NIM12001 - Class 1: Calculating Class 1 NICs for Directors: Introduction

The legislation on employed earners and Class 1 contributions applies to directors unless otherwise stated or specific administrative concessions apply.

Payments to a director are liable for Class 1 contributions because a directorship is an office (ESM2501 for offices generally and ESM4040 for directors) and therefore within the definition of “employed earner” in section 2(1)(a) of the Social Security Contributions and Benefits Act 1992.

Normally payments to a director, for acting as a director, are earnings for Class 1 but there are exceptions. These are where the conditions of regulation 27 of the Social Security (Contributions) Regulations 2001 (SSCR 2001) (SI 2001 No 1004) are satisfied for certain payments to professional people and to nominee directors (NIM12004). There is also an administrative concession where a non-resident director only attends board meetings in Great Britain & Northern Ireland (NIM12013).

Directors can also be shareholders in their companies so payments to them can be in that capacity rather than as directors (NIM12012). Particular care needs to be exercised when considering whether payments to directors are advance payments of earnings under regulation 22 of SSCR 2001 (NIM12014).

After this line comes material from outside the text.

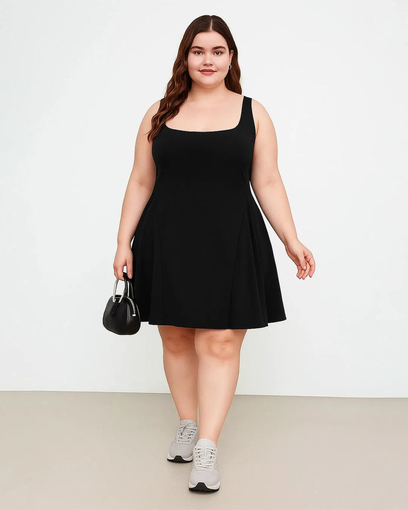 Black Fit and Flare Square Neck Mini Dress Curve & Plus

Unlike other employed earners, the earnings period of a director, as defined in the legislation, is normally the year in which the earnings are paid (regulation 8 of SSCR 2001) (NIM12021). An earnings period for a director is therefore commonly designated an annual earnings period (AEP) although it is not a term used in the legislation. Without the legislation, which was introduced from 6 April 1983, a director could be voted the whole of his or her remuneration in one week of the tax year and avoid most of his or her Class 1 primary liability because of the weekly or monthly Upper Earnings Limit (UEL).